# Neues Bike für meinen Sohn 9J/147cm



## Psytra (16. November 2019)

Hallo Leute,

bin schon seit längerem auf der Suche nach einem neuen Rad für meinen Sohn und lese auch hier im Forum schon einige Zeit mit.  
Vielleicht habt Ihr ja den einen oder anderen Tipp, wie es für uns weitergehen kann.
Stand heute ist er mit einem Scott Scale 24 rigid unterwegs, was mittlerweile definitiv nicht mehr passend ist.
Für mich stellt es sich sehr schwierig dar, das passende Rad zu finden, da die Händler sich logischerweise auf die breite Masse einstellen
und testen/aufsitzen somit schwierig ist - Wie finde ich ein Rocky Mountain Reaper 27.5 in einem Laden?

Hier die Daten:

01. Innenbeinlänge 69/70
02. Größe 147cm
03. Alter  9
04. Kann Sie/Er schon fahren, wenn ja wie gut/lange schon?
Grundsätzlich sicher im Sattel, Saalbach: Panorama, Monti, Blue-Line, Hacklberg kam er dieses Jahr mit dem Propain Yuma sehr gut runter.

05. Was bist Du bereit auszugeben? HT 1500 Fully: <3000
06. Kannst Du selber schrauben?  Basics
07. Willst Du selber schrauben?  Für einen eigenen Aufbau reichen die Fähigkeiten leider nicht aus.
08. Hast Du eine Teilekiste im Keller auf die zurückgegriffen werden kann?  Nein
09. Wofür soll das Bike eingesetzt werden?

Wir fahren gewöhnlich keine Ganztagestouren
Jumps und Anlieger machen ihm großen Spaß, ist er aber noch eher defensiv unterwegs
Bad Wildbad/Beerfelden liegen im Einzugsgebiet, würden wir aber wahrscheinlich nicht mehr als 1-2x im Jahr anfahren
Im Sommerurlaub würden wir das Bike auch gerne mit nach Saalbach nehmen.

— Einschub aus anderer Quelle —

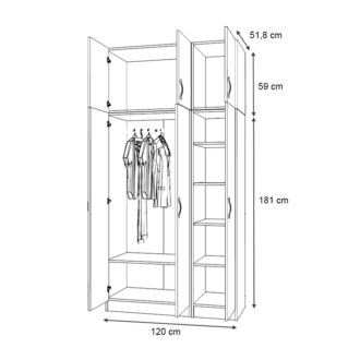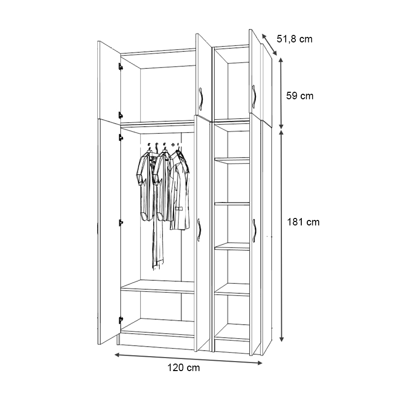 • Διαστάσεις δίφυλλης ντουλάπας: Μήκος 80 x Βάθος 51,8 x Ύψος 181 εκ.

10. Wie ist das Gelände bei Euch (steil/Straße/Wald etc.)?
Höhenmeter sind immer irgendiwe dabei. Jede Abfahrt braucht natürlich ihren Anstieg. Uphill sind wir meistens auf Schotter/Asphalt unterwegs.
Es gibt aber auch längere Flache Trails


Wenn die Optik nicht relevant wäre, wäre die Entscheidung relativ einfach: das Vpace Moritz27.5.
Das gefällt ihm aber definitiv nicht und ich glaube, wir sind gut beraten das zu akzeptieren. 
Vielleicht fahren wir aber tatsächlich auch mal bei vpace vorbei und es ändert sich.

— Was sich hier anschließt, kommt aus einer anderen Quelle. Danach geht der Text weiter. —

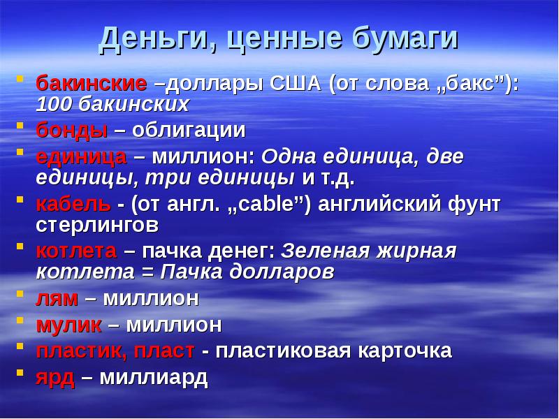 Деньги, ценные бумаги бакинские –доллары США (от слова „бакс”): 100 бакинских бонды – облигации единица – миллион: Oдна единица, две единицы, три единицы и т.д. кабель - (от англ. „cable”) английский фунт стерлингов котлета – пачка денег: Зеленая жирная котлета = Пачка долларов лям – миллион мулик – миллион пластик, пласт - пластиковая карточка ярд – миллиард

Ansonsten haben wir uns schon angesehen:

Commencal Clash Junior:
    + optik klasse, sein traumbike
    + klasse für Park/Alpen
    - schwer
    - wahrscheinlich zu viel des guten (160mm)-> zweitbike erforderlich?

Rocky Mountain Reaper 27.5
    + gefühlt eher alltagstauglich
    o farbe in echt OK? 
    - teuerste alternative
    - laut größentabelle ist er noch knapp zu klein

Propain Yuma
    + Preis
    - 11x Schaltung
    - 24" LRS ist sozusagen überflüssig

Transition Scout XS
    - Preis
    - Gewicht

Commencal Meta HT Junior 2019
    + Optik (2020 in rot nicht verhandelbar)
    - 11x Schaltung


Die einen sagen, kauf ein HT und leih ein Bike in Saalbach - für die Differenz kann man lange mieten.
Ich denke, mit dem Clash/Yuma schickt man ihn nicht in die Schule, also braucht er bestimmt noch ein Zweitbike.

Der Gebrauchtmarkt ist halt nicht so üppig und im Kidssegment haben sich die Komponenten aus meiner Sicht schon massiv verbessert in
den letzten Jahren.

Für meinen Sohn ist es klar, dass er das Clash möchte. "Das geht schon mit dem treten". Optik und 160mm wirken halt 
Und für die Schule kauft er sich zur Not ein 100€ Gebrauchtrad.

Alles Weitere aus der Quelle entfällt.